If you're read tech news whether it is to keep up or researching new companies, Tech Crunch is a valuable resource. On TC each article about a company has in-depth information on the right side column. It links over to Crunch Base just click on the company title and you'll open up a whole chronological history of the founders, funding they may have received, investors, acquisitions and changes within the organization.
For the full info and additional research you should get the pro subscription that allows drilling down into companies, key players, websites, domain names and more. It has a nice java interface, looks like it was built with DHTMLX, but more than likely a custom cut. Well worth the subscript for professionals.
I found TheNextWeb while looking for information about wearables (great seo by the way) Wearables are technology devices that you wear. I discovered a passage called Wearables Reach Employees in an article by JT Ripton titled 6 Technology Trends for 2016.
My interest in wearable is in how they can be useful and monetized in the private sector. Clearly, the applications for police, fire rescue and military are needed and in the future may be looked upon as how could we have ever done without them. But, other than convenience what applications do they really hold? Now after reading the article, from a psychology viewpoint the the possibilities are endless. Here's an exert:
Some companies are giving wearables to their employees on the ground for second-by-second inventory updates. Others are using them internally to see how their corporate employees interact.
Read the full article here at TheNextWeb.
I am surprised I had not come across TheNextWeb.com sooner. Their site has the best layout and quality of articles that I've had the pleasure of reading in a long time. I strongly recommend bookmarking it and check out the Insights and Offers sections. It's at the top of my reading list now.
While searching for domain technology news, I had the pleasure of stumbling upon another great technology site for tech startups that is a start up. Edward Domain is the founder and CEO of Techli.com He is a writer, U.S. Army veteran, serial entrepreneur and chronic early adopter. Having worked for startups in Silicon Valley and Chicago, Edward founded, grew and successfully exited his own previous startup and loves telling the tales of innovators everywhere. Based out of St. Louis, Techli.com also has a show on PBS that covers innovators in a candid business casual format that yields a closer personal experience of the entrepreneurs behind the scenes while delivering the synergy.
Techli.com has a nice layout and I found several several article worth reading, it's bookmark worthy and on my reading list. I'd like to see this level of ground floor reporting for innovative technology roll out to all major cities around the world.
I've been digging into futuristic technology and uncovered an article by Mike Edelhart on Yahoo/Tech news entitled, 9 Technologies That Will Soon Be Inside You. It's interesting news and there just might be some up and coming products to invest in.

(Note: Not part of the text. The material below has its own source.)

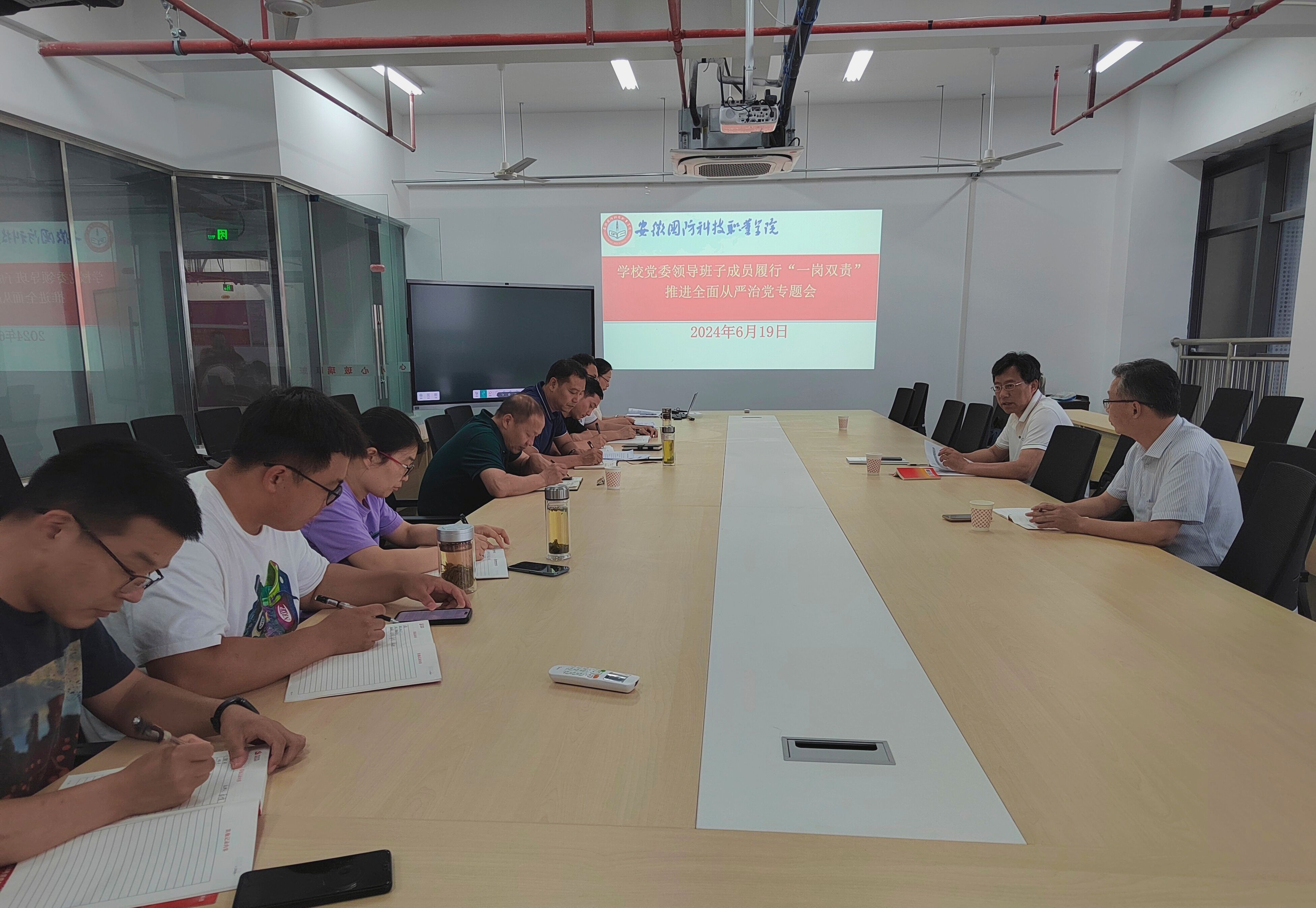 本网讯(电气技术学院 程坤)为了认真贯彻落实有关文件精神,推进全面从严治党,6月19日下午,副校长袁旗在产教融合中心3楼会议室主持召开履行“一岗双责”推进全面从严治党专题会,电气技术学院党总支班子及其所属党支部委员、财务处党支部委员、总务处党支部委员以及部分党员代表参加了会议。

I have to admit some of these tech products freak me out. These aren't ideas, they're working prototypes and the concepts, along with the business models, makes sense for each. It's easy to be comfortable with these, we already have several medical implants.

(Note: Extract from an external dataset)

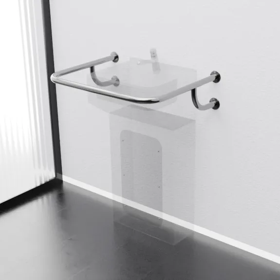 Монтаж за 10–15 мин: зафиксировать опоры в стене анкерами (подходит для бетона или плитки, без инструментов сверх дрели); эргономичная форма для удобного хвата. Уход: протирка мягкой тканью еженедельно, без абразивов для блеска; нержавейка устойчива к жесткой воде. Идеален для обустройства санузлов с акцентом на безопасность и стиль.

Here's the list: implantable smartphones, healing chips, cyber pills, implantable birth control, smart tattoos, brain-computer interface, meltable bio-batteries, smart dust and the verified self. Is this the biblical mark of the beast? Read the full article with the slide show here.
I stumbled upon the topic of technology camps and had to delve a little further. First the term 'tech camp' reminded me of some of the sweat shops I've worked in, they could be described as a 'camp', but more I found out there are quite a few tech camps catering to all ages, genders and vocations.
When I think of summer camp, I envision a lake in the mountains where kids roast marsh-mellows, ride canoes, fish and generally relax for a week or two. What's becoming more popular are tech camps for kids ages 6 and up and they're taking classes like programming, audio video engineering, robotics, and app design. I found technology camps not just for kids, but for teachers and executives to tune up with. Instructional design is the way of the new classroom any anyone that's familiar and comfortable with technology is going to be well ahead of the game. (And there's even game development classes.) At the college level there are even more camps to excel or catch up.
Tech camps aren't a new concept, but are growing. Here's and article by Tony Wan from 2013 with a list of popular kids camps. Camps and programs like these may just spark the genius in your child or expand an executive's insight.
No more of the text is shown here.